WHAT IS REQUIRED: Only one stretch of the listing below is wanted. Give it again exactly, from the line with "Element はオプション" through the line with "美濃邉 信一さんを姓名の画数から五運を鑑定".

-------

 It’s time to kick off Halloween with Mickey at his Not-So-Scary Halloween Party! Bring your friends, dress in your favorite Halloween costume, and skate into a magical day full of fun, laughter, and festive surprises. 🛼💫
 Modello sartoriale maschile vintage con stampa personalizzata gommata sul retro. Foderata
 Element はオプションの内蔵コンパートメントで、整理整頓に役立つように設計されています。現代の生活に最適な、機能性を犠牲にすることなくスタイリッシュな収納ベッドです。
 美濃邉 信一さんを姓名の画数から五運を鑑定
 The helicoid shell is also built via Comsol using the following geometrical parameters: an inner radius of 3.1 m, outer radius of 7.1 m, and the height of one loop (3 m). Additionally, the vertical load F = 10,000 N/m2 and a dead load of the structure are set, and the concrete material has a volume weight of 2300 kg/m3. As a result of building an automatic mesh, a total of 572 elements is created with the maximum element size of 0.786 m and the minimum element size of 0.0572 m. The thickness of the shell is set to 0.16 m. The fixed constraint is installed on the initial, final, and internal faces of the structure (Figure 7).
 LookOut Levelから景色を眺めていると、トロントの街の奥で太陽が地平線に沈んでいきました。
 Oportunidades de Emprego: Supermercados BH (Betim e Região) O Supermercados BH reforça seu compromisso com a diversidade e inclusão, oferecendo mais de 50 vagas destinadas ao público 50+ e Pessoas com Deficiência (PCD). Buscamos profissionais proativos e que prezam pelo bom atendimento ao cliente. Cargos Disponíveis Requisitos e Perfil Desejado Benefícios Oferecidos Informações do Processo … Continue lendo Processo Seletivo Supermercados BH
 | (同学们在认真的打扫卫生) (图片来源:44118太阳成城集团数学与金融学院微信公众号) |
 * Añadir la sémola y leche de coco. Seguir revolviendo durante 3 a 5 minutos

-------

COMPLETED TASK:
 Element はオプションの内蔵コンパートメントで、整理整頓に役立つように設計されています。現代の生活に最適な、機能性を犠牲にすることなくスタイリッシュな収納ベッドです。
 美濃邉 信一さんを姓名の画数から五運を鑑定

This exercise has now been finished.